The division of the Roman Empire between Roman and Byzantine rule—and subsequently between the Latin and Greek churches—was marked by a line that ran northward from Skadar through modern Montenegro, symbolizing the status of this region as a perpetual marginal zone between the economic, cultural, and political worlds of the Mediterranean peoples and the Slavs. As Roman power declined, this part of the Dalmatian coast suffered from intermittent ravages by various seminomadic invaders, especially the Goths in the late 5th century and the Avars during the 6th century. These soon were supplanted by the Slavs, who became widely established in Dalmatia by the middle of the 7th century. Because the terrain was extremely rugged and lacked any major sources of wealth such as mineral riches, the area that is now Montenegro became a haven for residual groups of earlier settlers, including some tribes who had escaped Romanization.

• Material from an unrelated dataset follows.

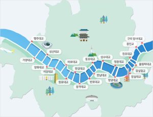 En Seúl, la capital de Corea del Sur, el río Han atraviesa la ciudad. Es uno de los más anchos del mundo (hasta 1,2 km de ancho) y 32 puentes lo cruzan, conectando sur y norte.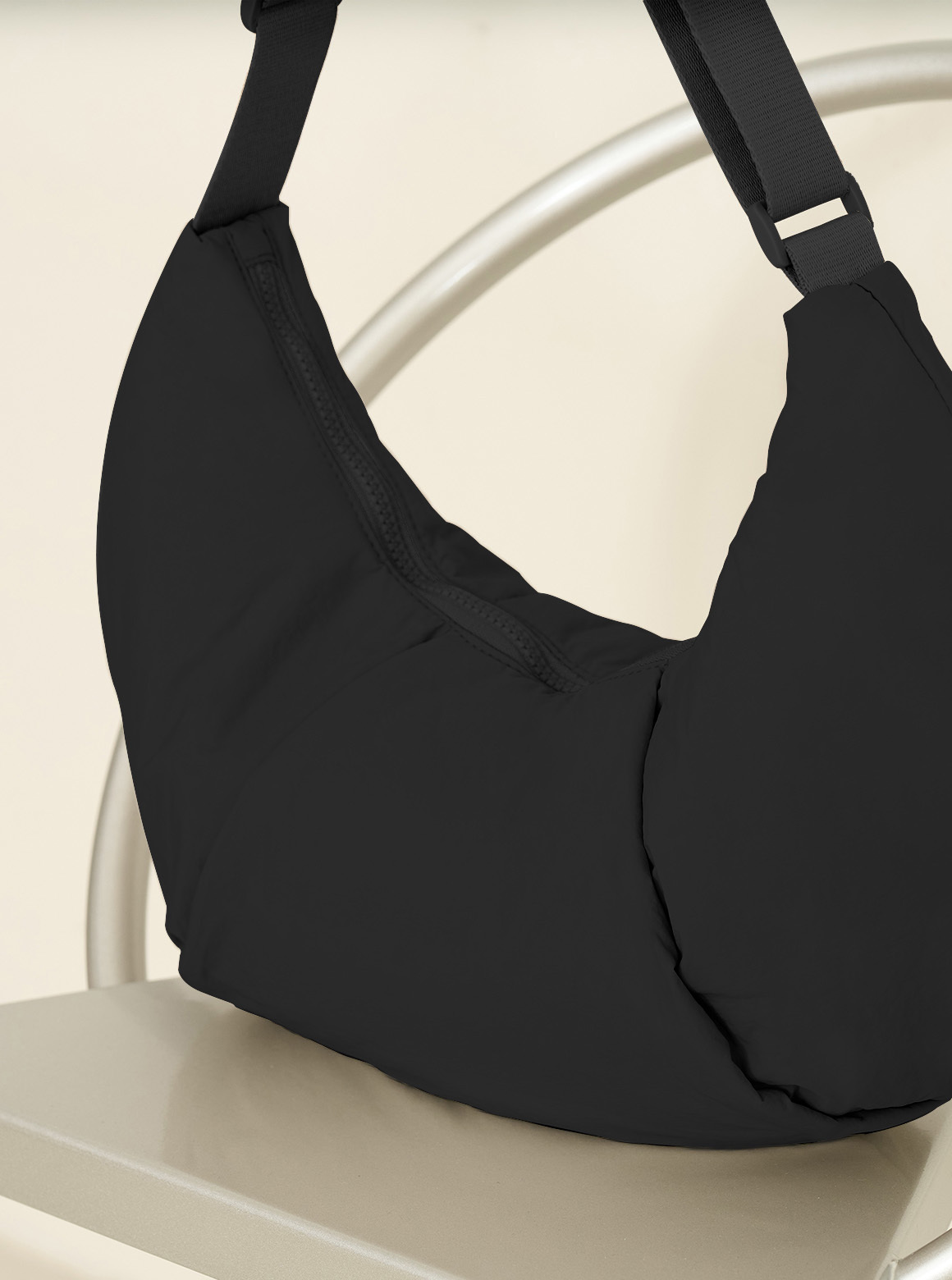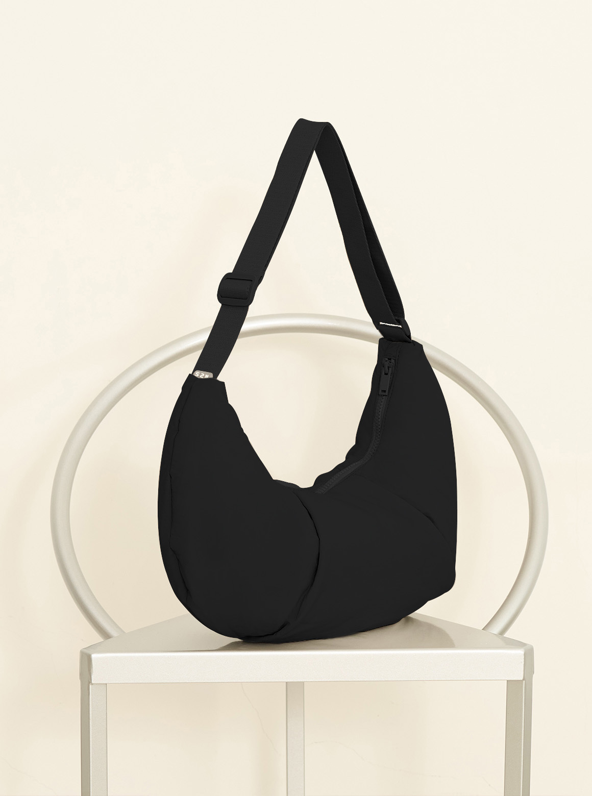 【設計】獨特的牛角形輪廓和底部立體打褶造型,背起時展現自然垂墜弧形,細緻背帶可依照身形調整長度或者側背

Medieval South Slav kingdoms

The South Slav peoples of the region were the ancestors of today’s Serbs and Montenegrins, though the degree of differentiation between those two groups remains controversial. The peoples were organized along tribal lines, each headed by a župan (chieftain). In this part of the Adriatic littoral, from the time of the arrival of the Slavs up to the 10th century, these local magnates often were brought into unstable and shifting alliances with other larger states, particularly with Bulgaria, Venice, and Byzantium. Between 931 and 960 one such župan, Česlav, operating from the županija of Zeta in the hinterland of the Gulf of Kotor, succeeded in unifying a number of neighbouring Serb tribes and extended his control as far north as the Sava River and eastward to the Ibar. Zeta and its neighbouring županija of Raška (roughly modern Kosovo) then provided the territorial nucleus for a succession of Serb kingdoms that in the 13th century were consolidated under the Nemanjić dynasty. (See also Serbia: Medieval Serbia.)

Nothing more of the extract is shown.